**WHAT YOU HAVE TO DO:** Copy out exactly the lines from the one containing "Choose a small" to the last line of the records below, both included, and leave out any pictures.

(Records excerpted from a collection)

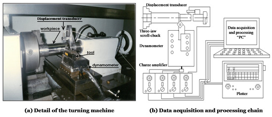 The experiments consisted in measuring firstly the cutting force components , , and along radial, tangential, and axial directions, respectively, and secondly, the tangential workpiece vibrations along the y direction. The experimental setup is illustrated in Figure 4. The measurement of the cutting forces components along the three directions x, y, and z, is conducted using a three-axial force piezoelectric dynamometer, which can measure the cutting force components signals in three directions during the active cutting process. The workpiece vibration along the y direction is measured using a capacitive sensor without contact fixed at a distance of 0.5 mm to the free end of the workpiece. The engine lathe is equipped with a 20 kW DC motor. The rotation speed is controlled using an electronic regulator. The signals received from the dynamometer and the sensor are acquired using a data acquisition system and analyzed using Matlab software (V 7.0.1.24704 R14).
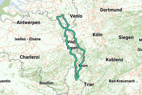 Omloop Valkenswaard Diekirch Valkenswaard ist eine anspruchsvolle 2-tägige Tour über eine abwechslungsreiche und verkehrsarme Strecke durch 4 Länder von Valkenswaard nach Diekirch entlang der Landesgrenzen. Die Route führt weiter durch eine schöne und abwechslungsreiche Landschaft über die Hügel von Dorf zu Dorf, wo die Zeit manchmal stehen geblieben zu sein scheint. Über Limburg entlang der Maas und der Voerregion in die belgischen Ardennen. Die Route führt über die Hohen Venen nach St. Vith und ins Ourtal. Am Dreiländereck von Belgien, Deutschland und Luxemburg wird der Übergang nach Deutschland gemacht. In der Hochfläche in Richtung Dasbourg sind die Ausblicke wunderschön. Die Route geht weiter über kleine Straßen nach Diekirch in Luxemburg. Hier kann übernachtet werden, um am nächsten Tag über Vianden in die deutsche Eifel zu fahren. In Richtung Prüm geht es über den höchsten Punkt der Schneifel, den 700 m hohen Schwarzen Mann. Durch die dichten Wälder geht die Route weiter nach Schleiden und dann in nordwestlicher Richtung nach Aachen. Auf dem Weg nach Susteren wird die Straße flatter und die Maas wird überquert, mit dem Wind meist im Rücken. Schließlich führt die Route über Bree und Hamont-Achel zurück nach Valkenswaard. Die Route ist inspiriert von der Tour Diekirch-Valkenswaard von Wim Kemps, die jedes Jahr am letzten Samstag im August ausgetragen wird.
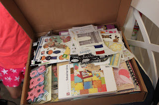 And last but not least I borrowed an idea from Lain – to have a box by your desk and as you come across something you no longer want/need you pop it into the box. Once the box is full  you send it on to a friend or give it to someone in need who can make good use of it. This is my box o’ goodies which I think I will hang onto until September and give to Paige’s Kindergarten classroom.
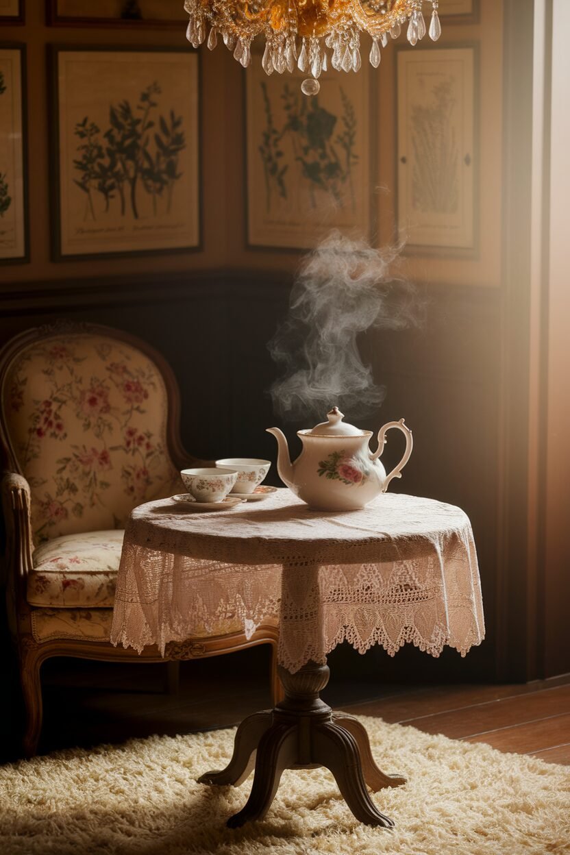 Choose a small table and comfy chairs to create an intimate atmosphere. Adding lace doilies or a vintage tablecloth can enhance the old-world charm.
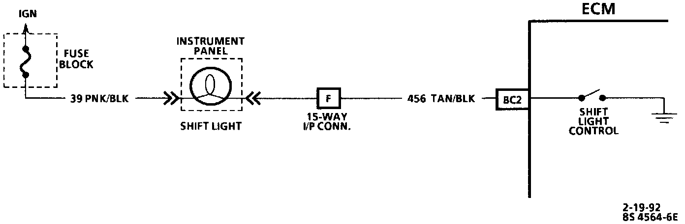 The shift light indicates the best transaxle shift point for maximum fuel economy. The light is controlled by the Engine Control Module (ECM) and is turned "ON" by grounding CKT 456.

**FINISHED EXERCISE:**
 Choose a small table and comfy chairs to create an intimate atmosphere. Adding lace doilies or a vintage tablecloth can enhance the old-world charm.
 The shift light indicates the best transaxle shift point for maximum fuel economy. The light is controlled by the Engine Control Module (ECM) and is turned "ON" by grounding CKT 456.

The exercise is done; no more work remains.